Wed Feb 15 15:23:15 UTC 2006
Aleksandar Milivojevic <alex at milivojevic.org>

Quoting Ugo Bellavance <ugob at camo-route.com>:

> Hi,
>
> 	I have a dual core athlon server and it is gaining 1 day every 2 days
> w/o time sync.  Even with ntpd running, the time is not under control.
> I must put a very frequent cronjob of 'ntpdate' to keep the time under
> control.  This creates big problems since winbind eventually stops
> working so my users can't access their data.

Running under VMware by any chance?  If yes read next paragraph, if not 
skip to the one after it (but you might still read both).

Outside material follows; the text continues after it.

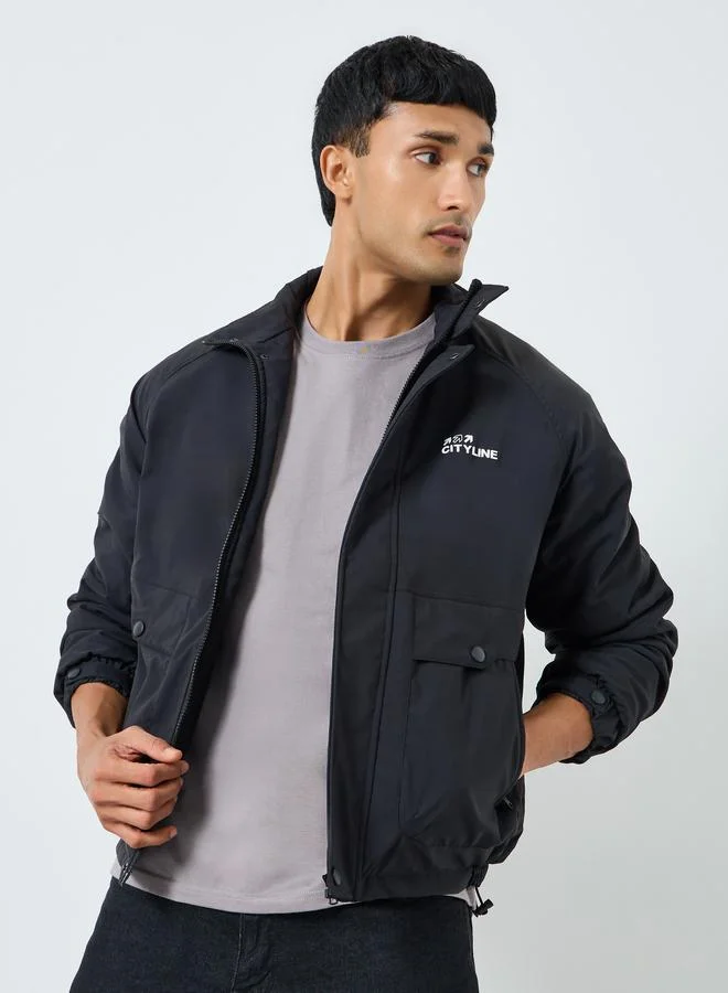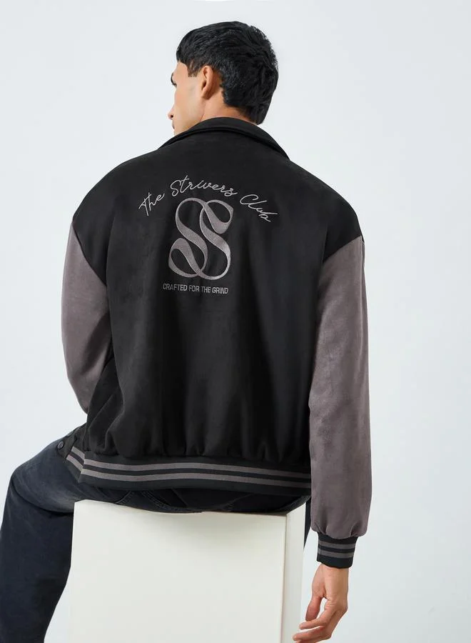 Men Relaxed Varsity Jacket with Graphic Patchwork

In current versions of VMware (for example ESX 2.5.x), 2.6 kernels are 
not yet officially supported.  What you described is one of the 
problems with 2.6 kernels and VMware.  Add "clock=pit" kernel option 
(in grub.conf or lilo.conf, whichever boot loader you use), don't use 
NTP to sync time, install vmware-tools onto each guest and enable time 
synchronization in them (by default it is off).  It should keep time in 
your guests under some controll.  The problem is mostly because 2.6 
kernels are much stricter in watching the frequency source selected for 
clock, and they also increased the frequncy of interrupts requested 
from it from 100Hz to 1000Hz (one global + one per CPU, or something 
like that).  This frequency is compile time kernel option (it is hard 
coded into the kernel, can't be changed once kernel is compiled).  
Furthermore, frequency of interrupts increases with number of processor 
cores (so if each of your guests is configured with two virtual CPUs, 
it's 3000 interrupts per second per 2.6 guest, compared to only 300 per 
2.4 guest).  With many guest running on bussy box, VMware might not be 
able to generate all needed virtual interrupts for 2.6 guest operating 
systems, and you get clock problems you are having.  There's a code in 
clock code in 2.6 kernel that attempts to correct for missed/skipped 
interrupts.  However under VMware it tends to overcorrect and your 
clock starts gaining time fast, like you described.  This is classic 
problem you'll encounter with current versions of VMware and guests 
running 2.6 kernel.  It should be corrected in Vmware ESX 3.x (which 
should also have official support for 2.6 kernels).

If you are not running VMware, you might still experiment with clock 
option (it selects the frequency source kernel uses to keep track of 
time).  The default frequency source obviously doesn't work well for 
you.  Available sources are pit, tsc, cyclone and pmtmr, however not 
all are available on all motherboards (you'd need to check what kind of 
timers your motherboard has).  If specified source is not available 
(your motherboard doesn't have that hardware), kernel falls back to pit 
(or whatever kernel was patched to use by default).  You may also try 
hpet=disable kernel option (with or without clock option), which 
disables HPET (if present on motherboard) and falls back to real PIT.

Even if not using VMware, you might find this document a good read:

http://www.vmware.com/pdf/vmware_timekeeping.pdf

It describes timer hardware available in average PCs (PC Timer Hardware 
chapter) and describes various clock=xxx options (Timekeeping in 
Specific Operating Systems chapter, Linux section).